With respect to changes in win-stay/lose-shift behavior, analysis of these data revealed a significant treatment × choice interaction (F(1,9) = 5.57, p = 0.043; Fig. 2H), but no other significant main effects or interactions with the treatment factor (all F values <1.5, all p values >0.25). Simple main effects analysis further revealed that lOFC inactivation did not affect win-stay or lose-shift tendencies following a correct choice (all F values <2.2, all p values >0.17). Instead, these treatments induced a subtle but statistically significant reduction in both win-stay and lose-shift ratios after incorrect choices (F(1,9) = 5.09, p = 0.05; Fig. 2H right). Thus, following lOFC inactivation, rats were less likely to shift away from the incorrect lever after a more common non-rewarded response, and were also less likely to select the incorrect lever again on the rarer occasions when an erroneous choice was rewarded.
mOFC and lOFC inactivations: reversal learning with assured outcomes
The finding that inactivation of either the mOFC or lOFC impaired PRL in well trained animals differs from other observations that lesions of the OFC region does not impair reversal performance once rats have experienced shifts in reinforcement contingencies (Schoenbaum et al., 2002; McAlonan and Brown, 2003; Boulougouris et al., 2007; Boulougouris and Robbins, 2009). An important difference between the previous and present studies is that in the former instances, a correct/incorrect response always/never delivered reward. To explore whether impairments induced by inactivation of these OFC regions were related to the probabilistic nature of the task, separate groups of rats were well trained on a similar task in which a correct choice was always rewarded and an incorrect choice was never rewarded before receiving saline or inactivation treatments in either the mOFC or lOFC. In these experiments, rats completed more reversals compared with those trained on the probabilistic task, likely due to the relatively more straightforward reinforcement contingencies. As such, all rats in both the mOFC and lOFC groups completed the first discrimination and at least two reversals after saline and inactivation treatments, permitting us to compare the number of errors made across these three phases.
Infusions of baclofen/muscimol into the mOFC (n = 8) failed to affect performance when correct/incorrect responses were always/never reinforced (F(1,7) = 1.22, p = 0.30; Fig. 3A).
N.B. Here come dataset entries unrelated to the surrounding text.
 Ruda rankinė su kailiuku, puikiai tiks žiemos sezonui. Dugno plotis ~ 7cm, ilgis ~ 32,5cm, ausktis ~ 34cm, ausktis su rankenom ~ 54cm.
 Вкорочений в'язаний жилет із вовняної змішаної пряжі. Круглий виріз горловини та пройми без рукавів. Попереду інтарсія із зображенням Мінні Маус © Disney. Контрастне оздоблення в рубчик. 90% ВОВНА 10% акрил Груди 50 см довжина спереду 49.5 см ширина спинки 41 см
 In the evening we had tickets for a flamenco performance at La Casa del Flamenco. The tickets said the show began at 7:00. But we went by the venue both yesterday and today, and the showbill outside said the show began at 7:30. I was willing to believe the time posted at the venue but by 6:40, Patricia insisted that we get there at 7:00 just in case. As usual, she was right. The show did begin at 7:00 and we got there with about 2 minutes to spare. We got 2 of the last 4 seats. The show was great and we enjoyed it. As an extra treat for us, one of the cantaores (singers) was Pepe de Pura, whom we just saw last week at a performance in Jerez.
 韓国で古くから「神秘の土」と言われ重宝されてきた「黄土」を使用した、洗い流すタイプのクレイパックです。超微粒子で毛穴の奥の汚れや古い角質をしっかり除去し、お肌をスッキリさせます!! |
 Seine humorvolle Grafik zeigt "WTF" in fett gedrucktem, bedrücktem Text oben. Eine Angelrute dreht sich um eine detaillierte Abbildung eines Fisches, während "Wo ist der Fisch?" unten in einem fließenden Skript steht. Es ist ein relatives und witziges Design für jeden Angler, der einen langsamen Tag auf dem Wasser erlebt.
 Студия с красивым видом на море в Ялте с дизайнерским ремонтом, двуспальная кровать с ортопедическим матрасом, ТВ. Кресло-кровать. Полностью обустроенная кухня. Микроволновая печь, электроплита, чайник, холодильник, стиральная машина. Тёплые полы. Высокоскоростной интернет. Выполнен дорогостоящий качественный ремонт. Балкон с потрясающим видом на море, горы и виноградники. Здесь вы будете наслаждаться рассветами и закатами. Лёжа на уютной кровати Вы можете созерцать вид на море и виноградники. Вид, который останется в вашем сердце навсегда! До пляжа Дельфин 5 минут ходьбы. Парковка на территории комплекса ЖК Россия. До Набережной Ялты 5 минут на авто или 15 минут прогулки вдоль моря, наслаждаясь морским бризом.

Analysis of the number of errors to achieve criterion for the initial discrimination and subsequent two reversals did not reveal a significant main effect of treatment or treatment × phase interactions (all F values <2.84, all p values >0.13; Fig. 3B).
Inactivation of neither the mOFC (top row, n = 8) nor the lOFC (bottom row, n = 6) affects performance of a reversal learning task when feedback was assured. A, C, Number of reversals completed per 100 successful trials following saline or inactivation treatments within the mOFC or lOFC. B, D, Errors to achieve criterion performance were not affected by inactivation of either the mOFC (B) or the lOFC (D) during the initial discrimination and first two reversal phases of the reversal with assured outcomes task after inactivation and control treatments.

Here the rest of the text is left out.